• YOUR OBJECTIVE
In the entries below, repeat only the lines between those holding "페루의 전채음식. 이름은" and "Nutro Max recipes", inclusive. Leave pictures out.

═══ INPUT DATA ═══

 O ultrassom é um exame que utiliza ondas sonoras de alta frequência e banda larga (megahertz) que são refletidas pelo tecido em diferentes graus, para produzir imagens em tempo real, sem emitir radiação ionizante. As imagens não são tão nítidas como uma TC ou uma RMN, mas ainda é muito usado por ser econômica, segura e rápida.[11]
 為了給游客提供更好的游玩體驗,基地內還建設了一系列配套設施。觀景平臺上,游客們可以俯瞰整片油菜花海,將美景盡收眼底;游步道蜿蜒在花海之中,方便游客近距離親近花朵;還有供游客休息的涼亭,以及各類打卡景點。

═══
═══ INPUT DATA ═══

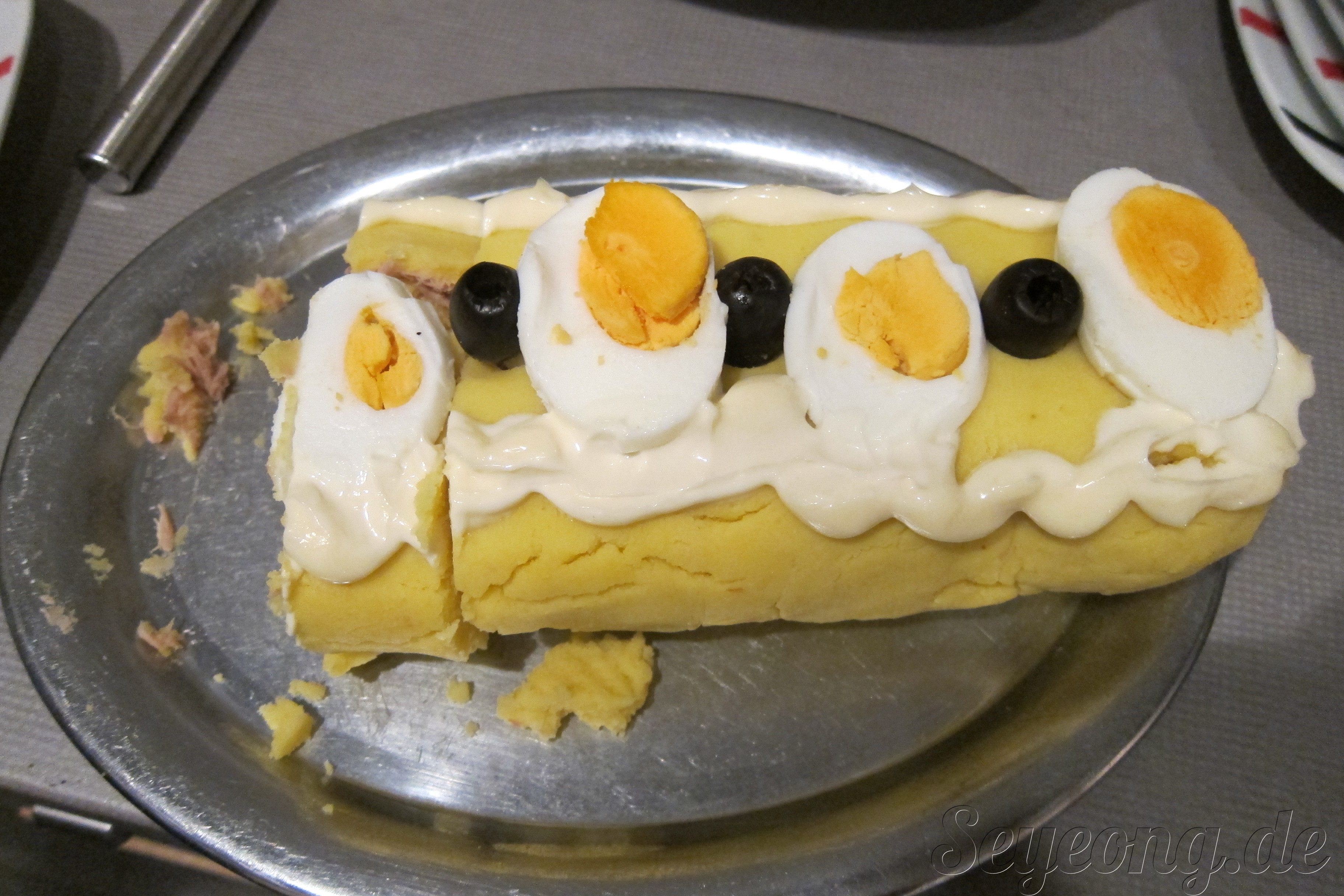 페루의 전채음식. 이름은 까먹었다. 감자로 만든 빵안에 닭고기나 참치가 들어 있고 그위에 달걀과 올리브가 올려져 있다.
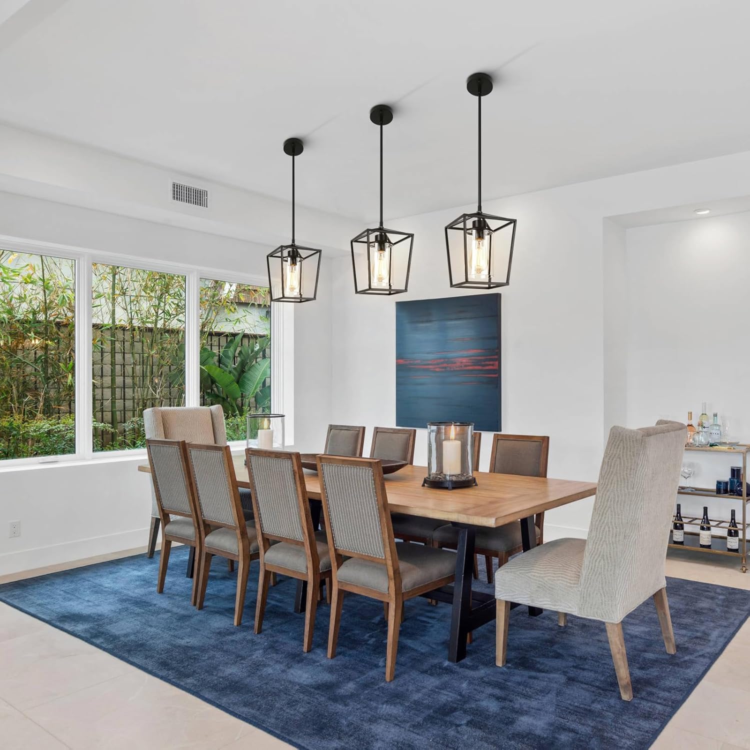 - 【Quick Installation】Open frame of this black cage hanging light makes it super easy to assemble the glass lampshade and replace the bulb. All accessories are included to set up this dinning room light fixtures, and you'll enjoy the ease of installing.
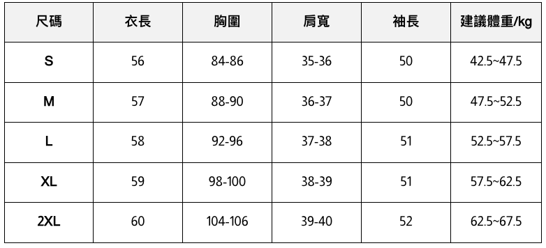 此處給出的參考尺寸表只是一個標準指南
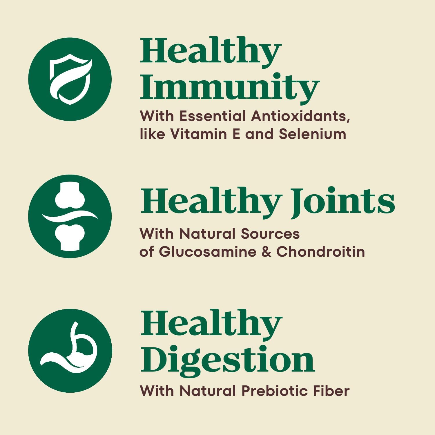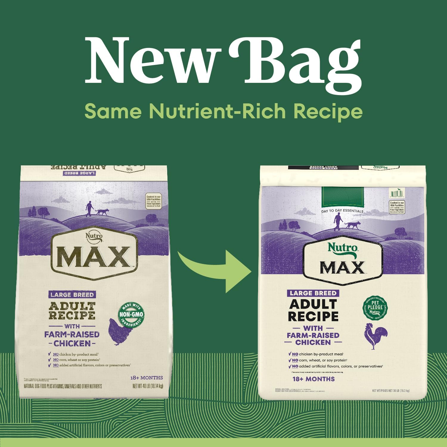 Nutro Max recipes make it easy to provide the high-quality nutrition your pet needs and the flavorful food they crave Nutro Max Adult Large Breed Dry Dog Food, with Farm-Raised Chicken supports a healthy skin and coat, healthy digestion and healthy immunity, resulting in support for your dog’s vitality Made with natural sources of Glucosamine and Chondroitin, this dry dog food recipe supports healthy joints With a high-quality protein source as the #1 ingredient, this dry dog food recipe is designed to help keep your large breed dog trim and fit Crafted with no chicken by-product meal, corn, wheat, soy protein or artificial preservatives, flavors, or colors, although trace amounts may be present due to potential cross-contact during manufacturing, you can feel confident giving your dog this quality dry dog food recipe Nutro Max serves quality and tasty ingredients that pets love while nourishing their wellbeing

═══
═══ INPUT DATA ═══

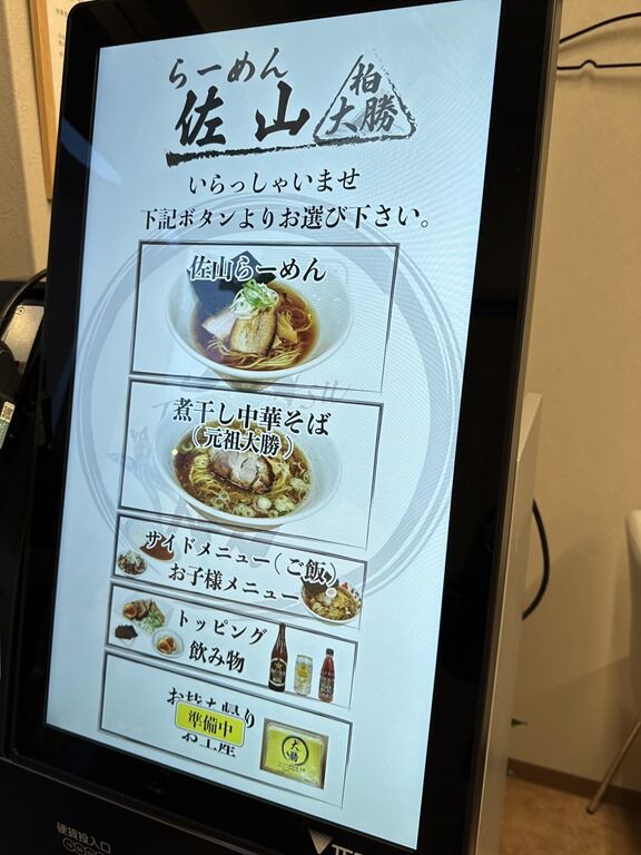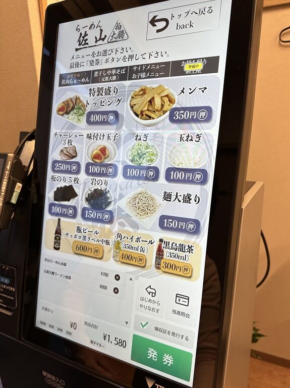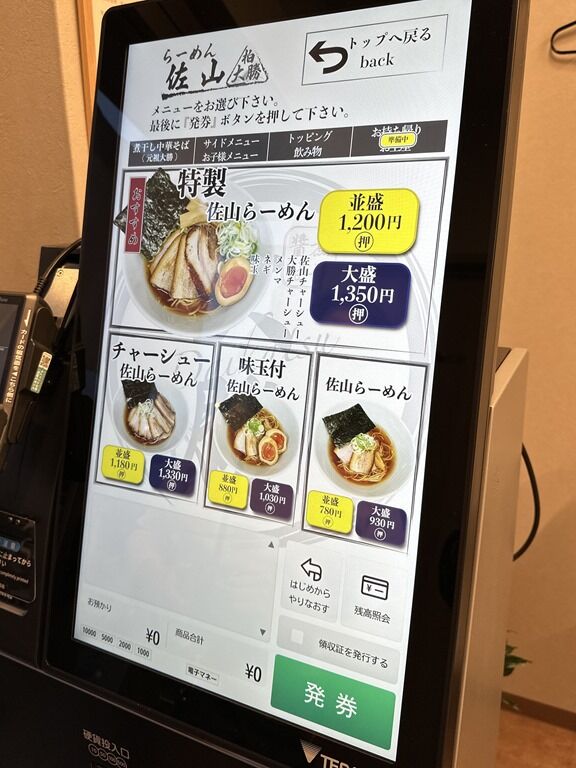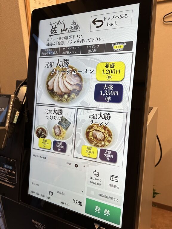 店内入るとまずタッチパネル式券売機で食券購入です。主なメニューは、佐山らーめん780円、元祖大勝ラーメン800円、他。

═══

• EXERCISE ANSWER
 페루의 전채음식. 이름은 까먹었다. 감자로 만든 빵안에 닭고기나 참치가 들어 있고 그위에 달걀과 올리브가 올려져 있다.
 - 【Quick Installation】Open frame of this black cage hanging light makes it super easy to assemble the glass lampshade and replace the bulb. All accessories are included to set up this dinning room light fixtures, and you'll enjoy the ease of installing.
 此處給出的參考尺寸表只是一個標準指南
 Nutro Max recipes make it easy to provide the high-quality nutrition your pet needs and the flavorful food they crave Nutro Max Adult Large Breed Dry Dog Food, with Farm-Raised Chicken supports a healthy skin and coat, healthy digestion and healthy immunity, resulting in support for your dog’s vitality Made with natural sources of Glucosamine and Chondroitin, this dry dog food recipe supports healthy joints With a high-quality protein source as the #1 ingredient, this dry dog food recipe is designed to help keep your large breed dog trim and fit Crafted with no chicken by-product meal, corn, wheat, soy protein or artificial preservatives, flavors, or colors, although trace amounts may be present due to potential cross-contact during manufacturing, you can feel confident giving your dog this quality dry dog food recipe Nutro Max serves quality and tasty ingredients that pets love while nourishing their wellbeing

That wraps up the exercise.